I blinked. "So the wolf god is a werewolf, too?"
"Yes. There's a ceremony that involves the totem, the werewolf army, the one who will become the wolf god, and… "
"That's all I know. The information I have is incomplete. So I ordered a book."
"A book? There's a book on this stuff?"
"There's a book on everything. Sadly, this one is out of print. But I found a copy."
"Let me guess – on the Internet."
"Of course. Cost me a bundle, but it should explain a few things.
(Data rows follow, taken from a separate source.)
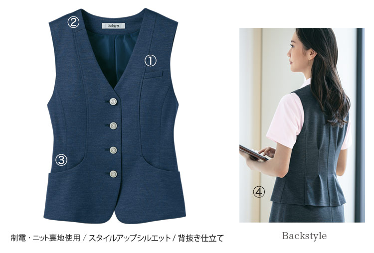 - アクセサリーホール、背抜き仕立て、制電・ニット裏地使用、スタイルアップシルエット
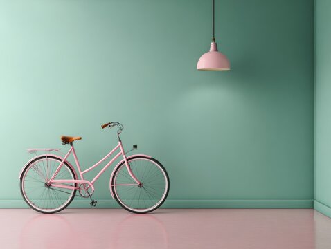 Pink bicycle hanging at the wall in minimal green room
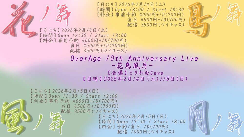 OverAge 10th.AnniversaryLive『花鳥風月』 〜鳥ノ舞〜【東京都】
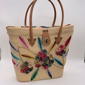 RARE!! vintage beautiful and unique tote handbag embroidered straw bag with applied floral detail approx 10” x 13” x 3” , drop 5.75” leather handle
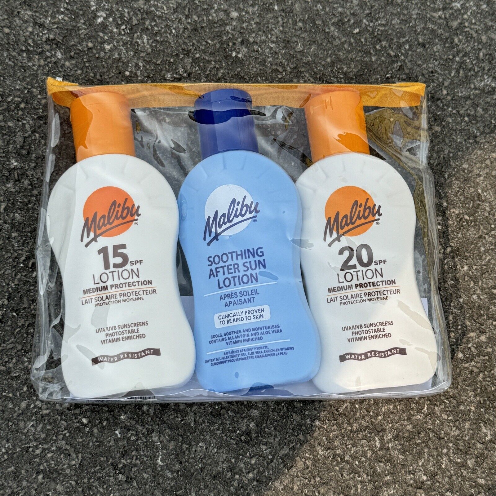 Malibu Sun Cream Lotion Travel Essentials 3 Pack SPF 15 & 20 Plus AfterSun 100ml
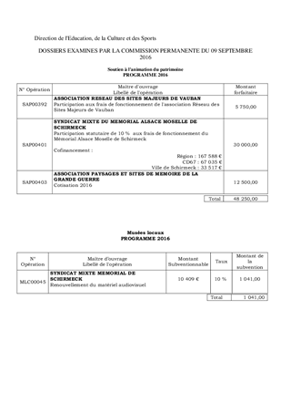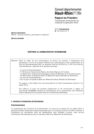 Dans le cadre de nos interventions en faveur du soutien à l’animation du patrimoine, il vous est proposé d’allouer des subventions et des contributions au titre du fonctionnement pour un montant total de 48 250 € et 1 041 € au titre de l’investissement, réparties de la manière suivante : - au titre du fonctionnement : - 5 750 € pour l’Association Réseau des Sites Majeurs de Vauban - 12 500 € pour l’Association Paysages et Sites de Mémoire de la Grande Guerre - 30 000 € pour le Syndicat Mixte du Mémorial Alsace Moselle de Schirmeck - au titre de l’investissement : 1 041 € pour le Syndicat Mixte du Mémorial Alsace Moselle de Schirmeck Ce rapport a fait l’objet d’un avis favorable de la 7ème Commission réunie le 1er juillet 2016. Par ailleurs, il vous est proposé d’approuver et de m'autoriser à signer la convention INTERREG relative au financement de la construction d’un Historial franco-allemand de la Grande Guerre au Hartmannswillerkopf.
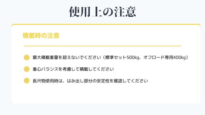 A. 通常使用時の最大積載重量は500kgです。500kg以下でのご使用をお願いいたします。
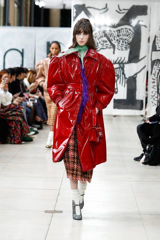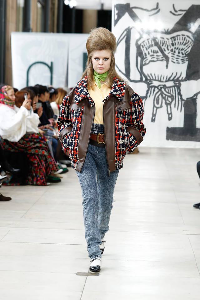 Elle opened the deluxe show in an oversized camel coat, a blue bandanna and eccentric shoes with a zip, buckles and a satin bow. The young actress also closed the show and remained faithful to oversized volume. She brought out a tweed coat combined with leather, she replaced her blue bandanna with a lime green one and wore futuristic silver shoes. Her maxi hair volume, which was an essential accessory for a number of other models, completed her look.
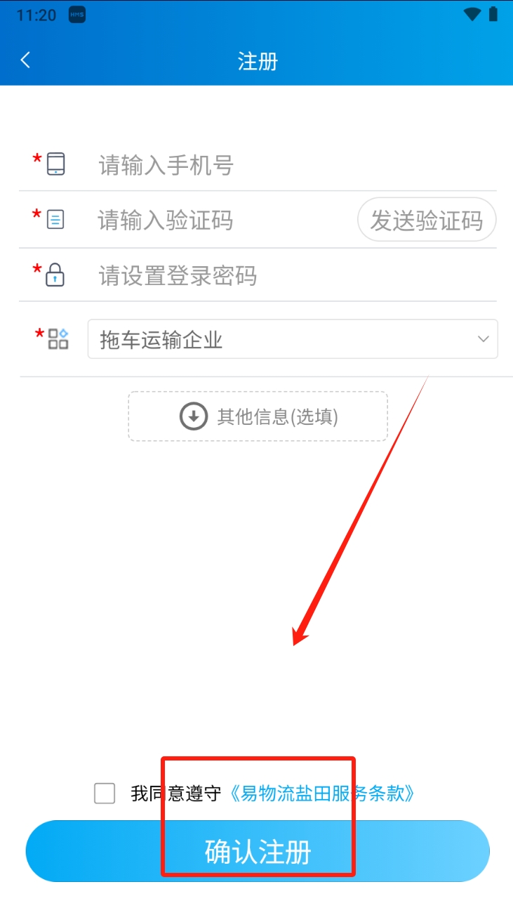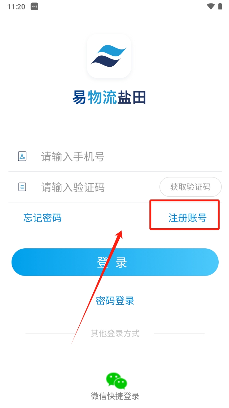 1、首先,点击注册账号。在易物流盐田的登录页面,点击“注册账号”按钮,进入账号注册流程。
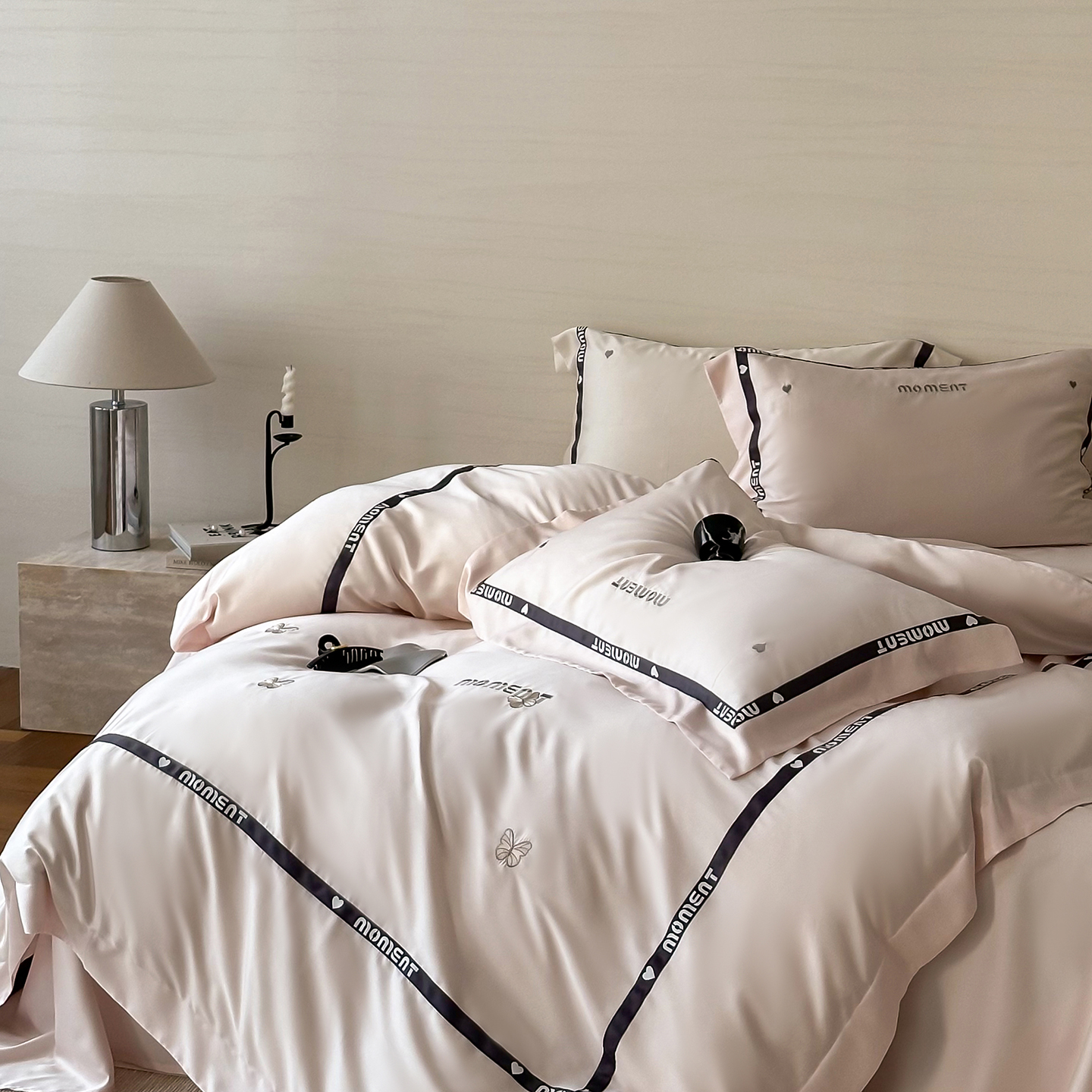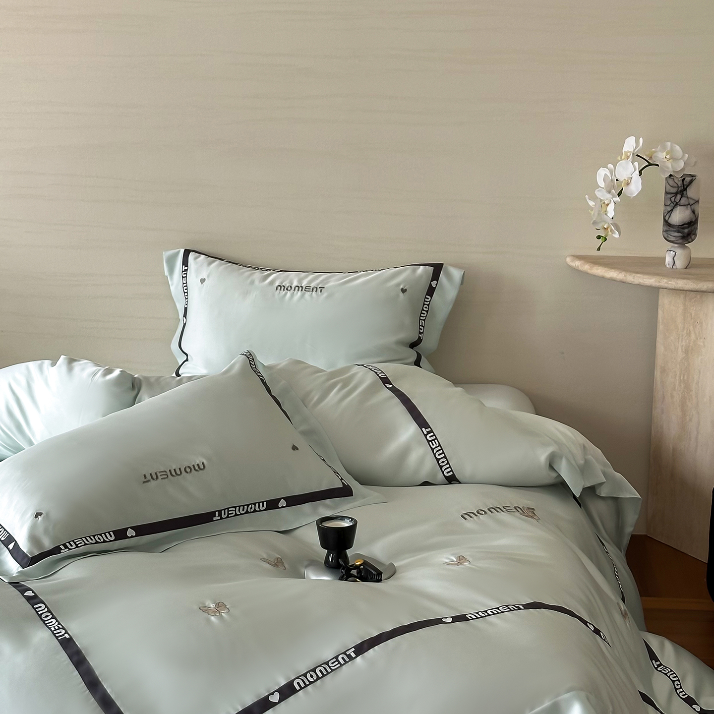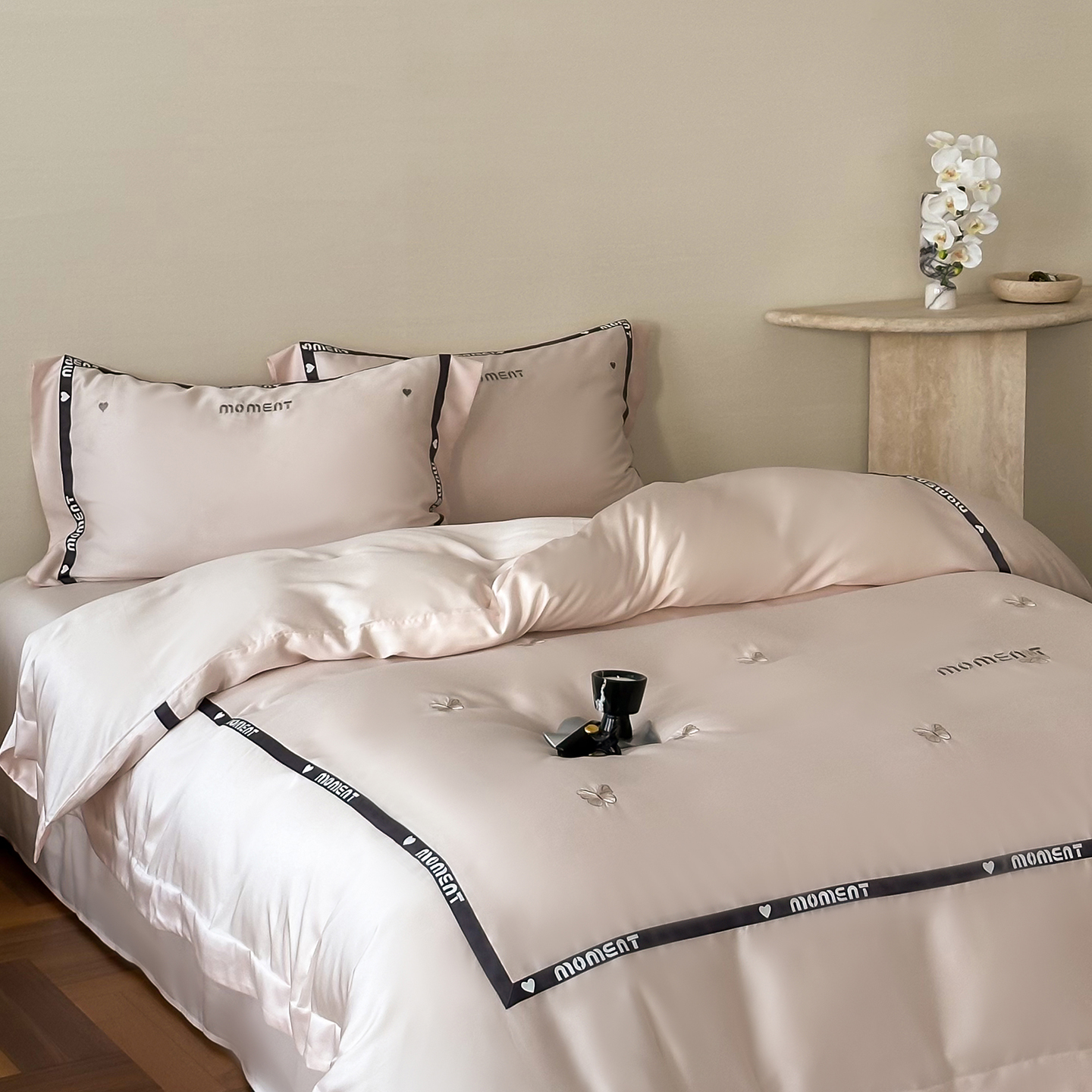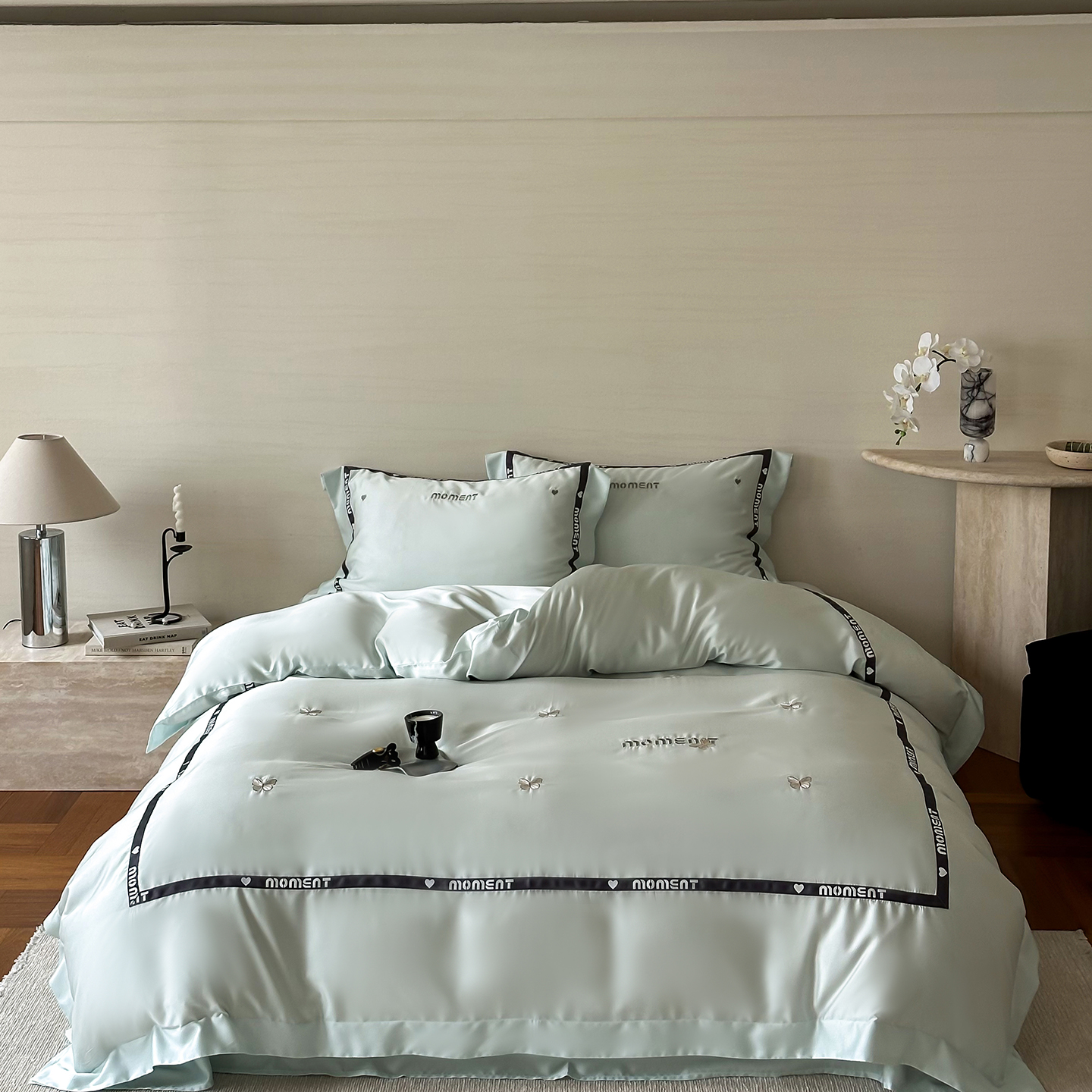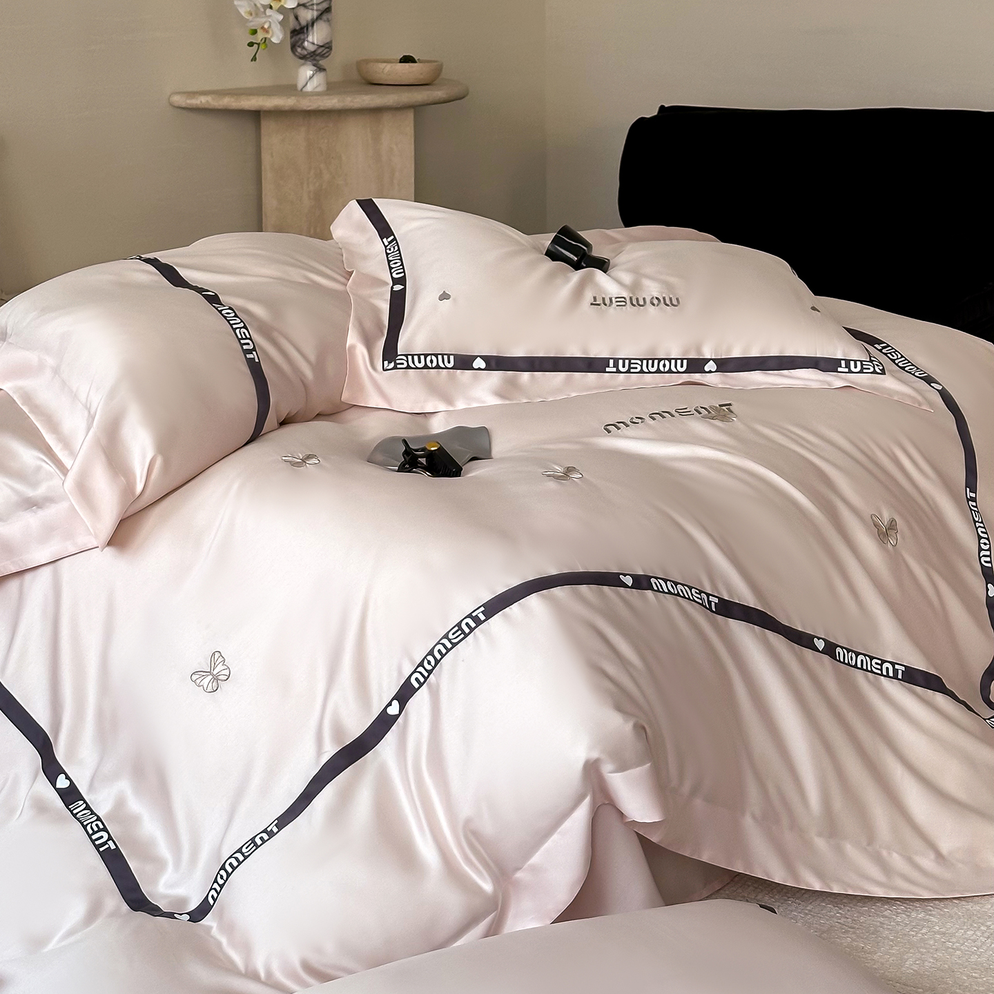 60S奥地利进口兰精天丝绣花黑边四件套
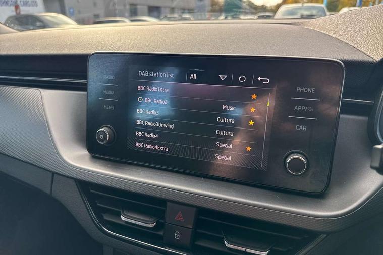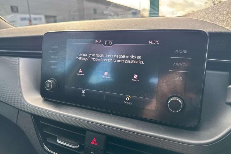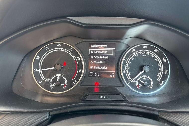Bluetooth system, E-call, Front assist system, PAS, Service indicator, Speed limiter, Wireless Smartlink for Apple CarPlay (wired for Android Auto), 8 Speakers, Auxiliary input socket, DAB Digital radio, Body colour bumpers, Body colour door mirrors and handles, Chrome grille surround, Dimming rear view mirror with black surround, Electrically adjustable and heated door mirrors, Front and rear electric windows, Headlight range control, Heated rear window, LED rear lights - low functionality, LED third brake light, Light sensors, Rain sensor, Rear fog lights, Rear side wing doors, Rear wiper, 12V Accessory socket in centre console, 3 seat bench in 2nd row, Chrome inner door handles, Cloth upholstery, Front head restraints, Glove compartment with illumination, Ice scraper, Isofix child seat fittings on outer rear seats, ISOFIX on front passenger seat, Manual lumbar support for front seats, Rake/reach adjustable steering wheel, Reading lights, Single front passenger seat, Sun visors with illumination on front passenger, Textile floor mats, Third rear headrest, Top tether for front passenger seat, Umbrella in driver's door, 3x3 point rear seatbelts, Airbags - driver and front passenger, ESP, Front passenger airbag deactivation switch, Front side airbags with curtain airbags, Hill hold control, Manual parking brake, Manual rear child locks, One tone horn, Rear disc brakes, Seatbelt reminder for driver an co-driver, Traction control, Tyre pressure monitor, Anti-theft alarm system with interior monitoring, backup horn, towing protection and remote central locking with SAFE system, Anti-theft wheel bolts, Electronic engine immobilizer,
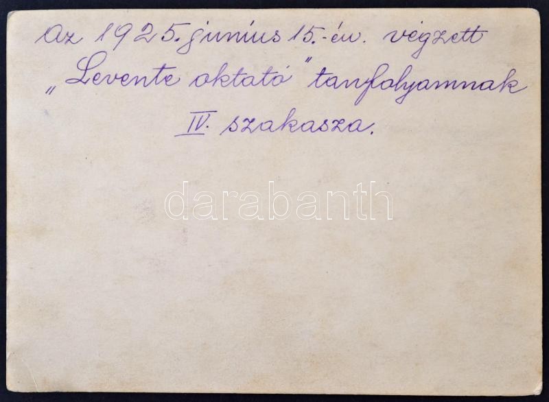 1925 a folyó évben végzett leventeoktató tanfolyam IV. szakasza, csoportkép, hátulján feliratozva, 12,5×17,5 cm
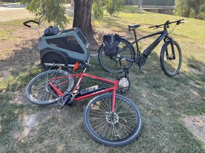 I use my cart for biking, running and walking around town. It is easy to transition from on to the other. For biking, my issue is the safety strap that you are to rap around the bike frame. Two of my bike have disk brakes. I take care to insure the safety strap cannot get caught in the brake, but feel it is only a matter of time. For running and walking my comments are the same. I struggle rolling the front mesh up for a better view and my air for my son. I also wish there was a half open option. I wish there was a way to open the plastic in the back for air flow and conversation. My last thing I noticed was there was no way to hold the cart closed after folding it up, (I guess unless you get the bags).
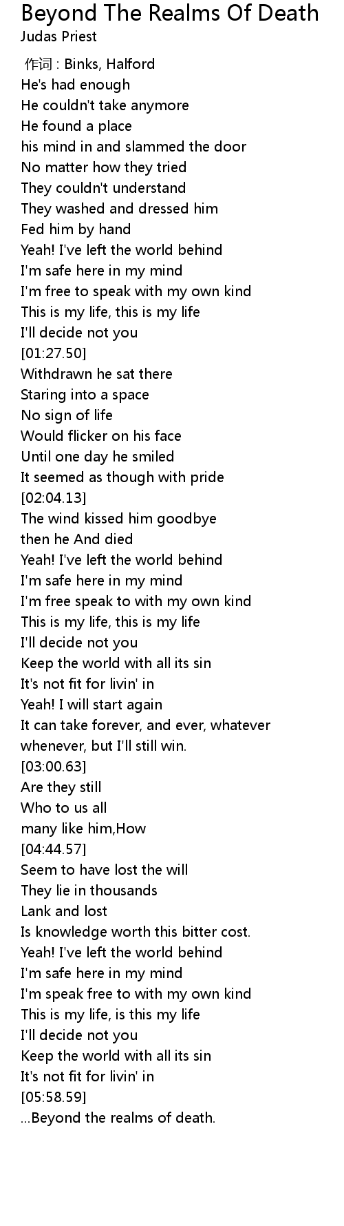 | [06:36.65] | ... Beyond the realms of death. |
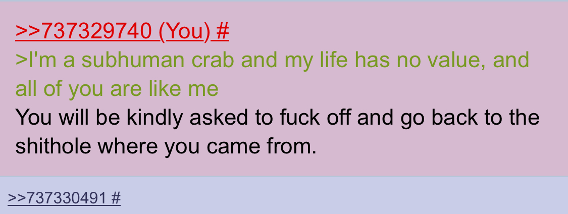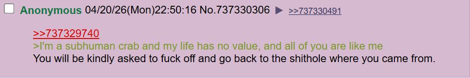 >The original poster is correct, most people are human slugs and goy cattle, nothing matters, stop larping.
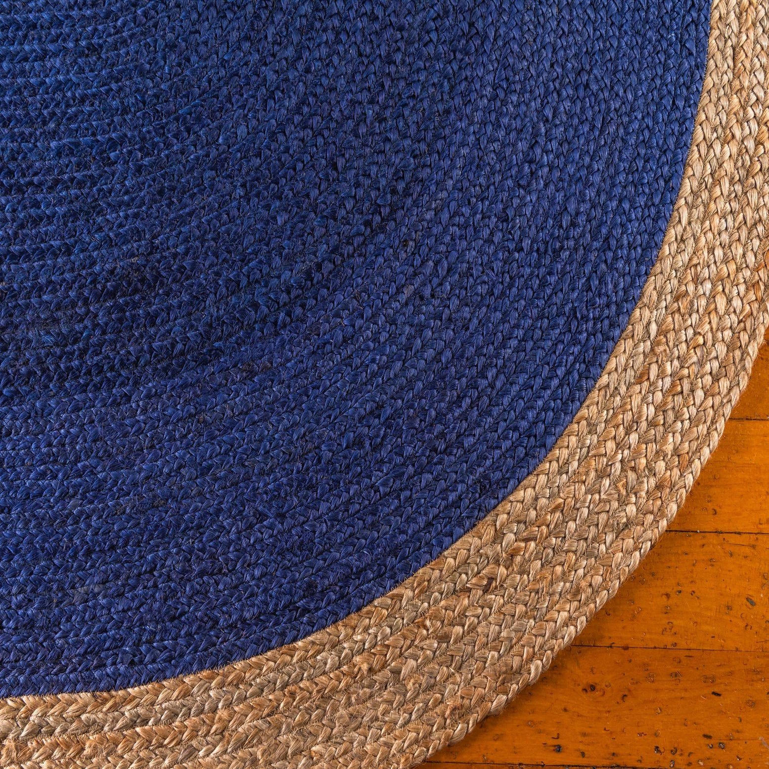 Hand-braided from 100% jute, this oval rug pairs a deep navy blue field with a natural tan outer band for a clean, two-tone look. The braided construction creates subtle concentric ridges you can feel underfoot, giving the surface a tactile, low-profile texture that layers nicely over hard floors. The navy center provides a strong visual anchor while the tan border adds warmth and a handcrafted touch.

When it shows up."
I grunted, staring at the drawings, thinking of the wolf I'd seen last night. The behavior of Karen Larson.
The weird things I'd imagined about the totem. If I were a believer, I just might believe.
"I talked to the CDC this morning. The doctor said there is a new strain of rabies."
"Did you think they'd deny it?"
"But – "
"You expected them to say, ' Oh, no, we don't know what that is. Why don't you panic?'Or maybe, '
Sounds like a werewolf to me. Have a good time.'"
"You aren't funny."
"And I thought I was."
He patted my knee. Skin against skin, my body reacted, even though the touch had been anything but sexual.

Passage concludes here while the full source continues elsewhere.